Ambrose, the author of eight published novels and a professor at FSW for three decades, specializes in British Romanticism. While writing her latest novel, “Claire’s Last Secret,” set in 1816, she found that Tambora was a central symbol of the interconnectedness of nature, people and generations in that time period.

Edmier, whose exhibition “Edison Impluvium” ran in the Bob Rauschenberg Gallery from December 2015 to February 2016, used actual ash from the eruption in a 2010-2014 sculpture on the anomaly.  Dr. Holmberg, a visiting archaeology professor from NYU, is a self-proclaimed “volcano fetishist” who focused her doctoral research on disaster, perception, and environmental change over human history.

Learn more at www.RauschenbergGallery.com or by calling (239) 489-9313.

Events at the Bob Rauschenberg Gallery at FSW are free and open to the public. The gallery is on the Thomas Edison Campus at 8099 College Parkway in Fort Myers. Gallery hours are Monday – Friday 10 a.m. to 4 p.m. and Saturday 11 a.m. – 3 p.m. Closed on Sundays and Holidays (including FSW Spring Break from March 7-13).

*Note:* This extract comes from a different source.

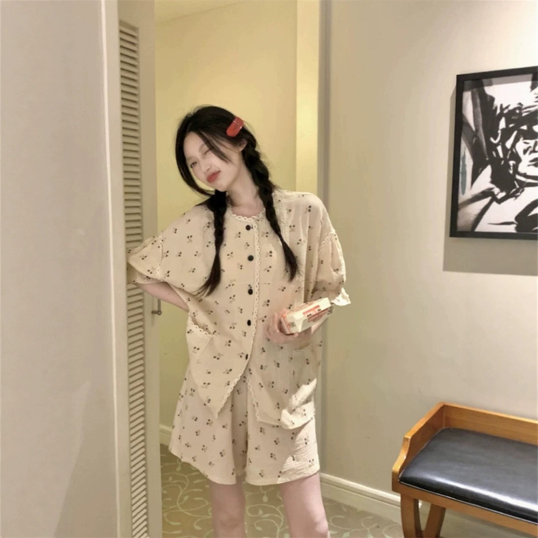 パジャマ女性の夏の半袖ショーツ韓国風甘いレースチェリー純綿ガーゼホームウェアセット屋外で着用可能

About The Bob Rauschenberg Gallery:

The Bob Rauschenberg Gallery was founded as The Gallery of Fine Art in 1979 on the Lee County campus of Florida SouthWestern State College/FSW (then Edison Community College).  On June 4, 2004 the Gallery of Fine Art was renamed the Bob Rauschenberg Gallery, to honor and commemorate our long time association and friendship with the artist.  Over more than three decades until his death, the Gallery worked closely with Rauschenberg to present world premiere exhibitions including multiple installations of the ¼ Mile or Two Furlong Piece.  The artist insisted on naming the space the Bob Rauschenberg Gallery (versus the “Robert Rauschenberg Gallery”) as it was consistent with the intimate, informal relationship he maintained with both our local Southwest Florida community and FSW.